Real GDP grows 3.9% in Bahrain, oil sector shrink
Non-oil GDP rose to an expected 6.7pc in 2012
Bahrain's real gross domestic product (GDP) is estimated to have expanded 3.9 per cent last year from the 1.9pc growth seen in 2011.
Even as the oil sector shrank by around 8.5pc in 2012 due to a temporary technical disruption at the country's main Abu Sa'afa oilfield - expected to return to full capacity this year - strong growth in the non-oil sector drove economic momentum, according to a research report by Global Investment House.
Bahrain's economy is expected to grow by 4.2pc this year, it added.
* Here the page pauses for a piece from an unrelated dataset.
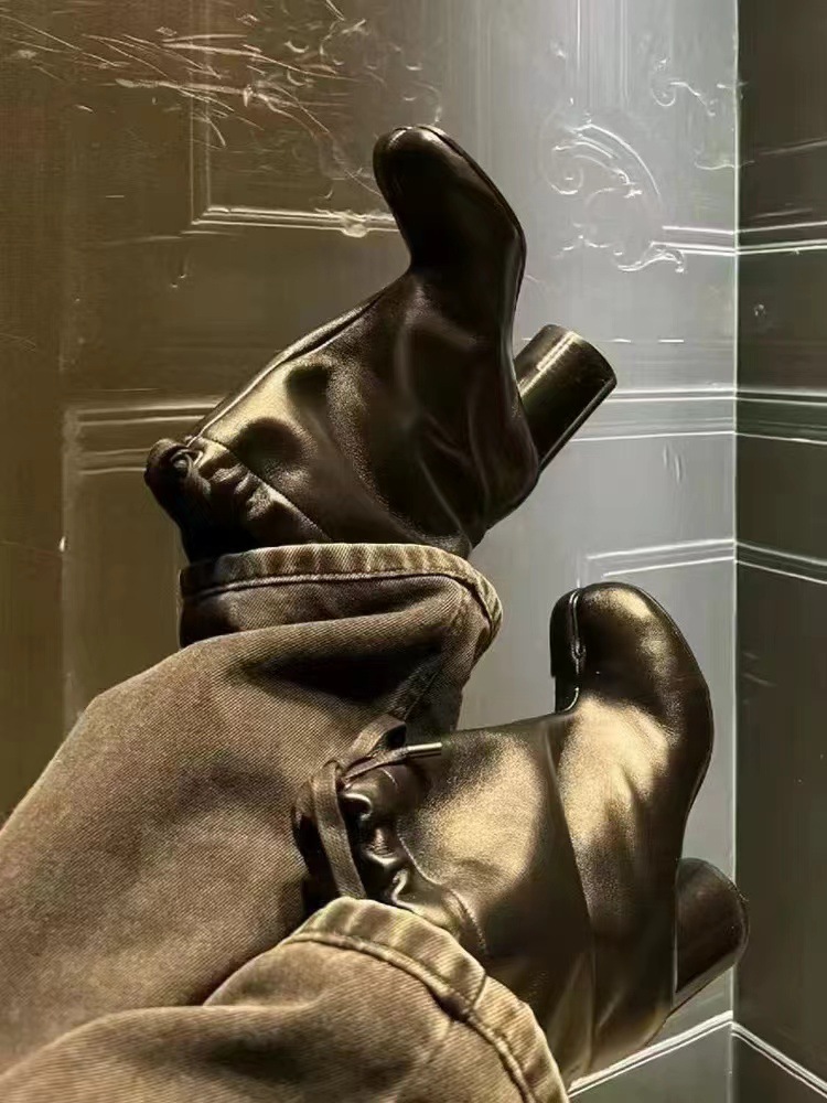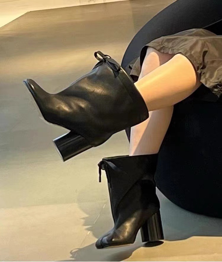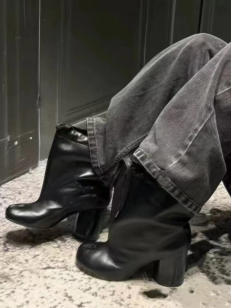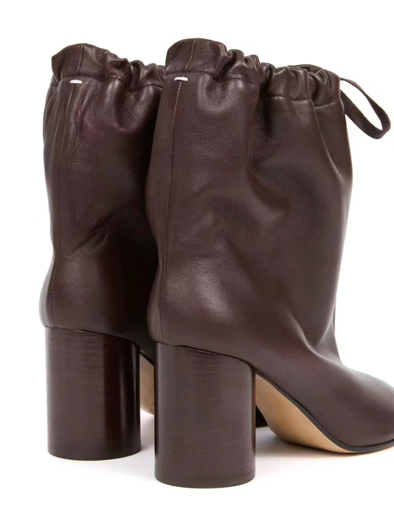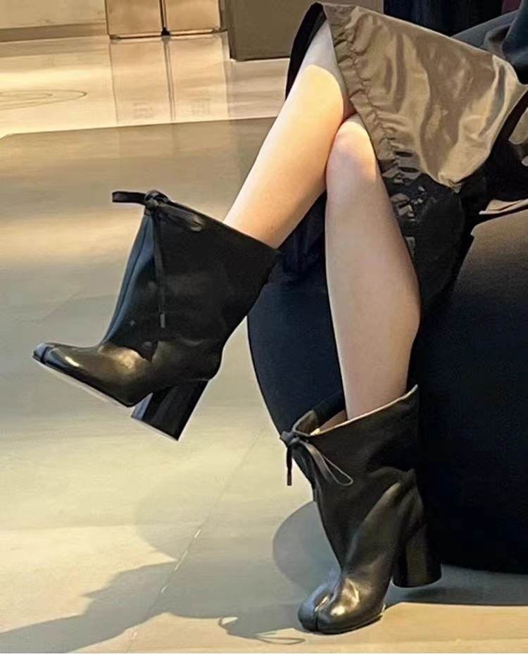 같은 스타일의 타비 스플릿 토 슈즈, 드로스트링 하이힐, 여성용 돼지발, 양발, 말발굽, 돼지발 중간부츠

In the first three quarters of last year, Bahrain's economy grew at an annual pace of 3.7pc, while headline growth rate slowed steadily from 4.8pc year-on-year in the first quarter to 2.9pc in the second, and 3.3pc in the third.
Moderate expansion in oil production and a recovery in the services sector will maintain the economic growth at around 3.7pc during 2013-15, the report said, and added that last year saw a rapid growth in non-oil sector.
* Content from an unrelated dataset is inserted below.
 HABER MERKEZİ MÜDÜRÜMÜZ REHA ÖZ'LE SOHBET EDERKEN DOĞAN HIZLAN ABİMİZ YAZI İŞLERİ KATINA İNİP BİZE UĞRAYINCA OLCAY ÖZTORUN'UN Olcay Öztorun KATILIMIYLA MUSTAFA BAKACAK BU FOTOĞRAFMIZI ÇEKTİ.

Non-oil GDP rose to an expected 6.7pc in 2012 compared to 1.4pc in 2011.
The national accounts data for 2012 point to a relatively consistent increase in production virtually across the non-oil economy of Bahrain.
According to the report, the fastest growing sectors have been hotels and restaurants, followed by social and personal services and manufacturing.
In 2011, Bahrain recorded a trade surplus of $7.5bn, the highest in last seven years, it said. The impetus for a high trade surplus was an increase in oil production, coupled with high oil prices.
In December 2011, Bahrain achieved the highest ever crude oil production of 45,900 barrels per day. As a result, oil exports which constitute 78.8pc of the total exports witnessed a growth of 52.2pc in 2011 over 2010.
Bahrain reported a fiscal deficit for the third consecutive year in 2011. However, fiscal deficit has reduced by more than half to reach 3.2pc of GDP in 2011 against 9.4pc of GDP a year earlier.
The fiscal deficit narrowed due to a surge in revenues, primarily oil revenues, which constituted 87.9pc of the total revenues in 2011.
Inflation in Bahrain dropped in the second half of 2012 after it surged in the first half of the year. The increase in the first half was primarily due to base effect of low or negative prices witnessed in 2011.
Average inflation in Bahrain accelerated to 2.8pc in 2012 compared to a 0.4pc fall in 2011. Inflation is expected to remain at 2pc to 2.6pc in 2013-14, supported by easing prices of commodities, particularly food items.
Thereafter, inflation is expected to remain stable despite prices for global industrial raw materials rise, as maintenance of subsidies will keep the increases in check.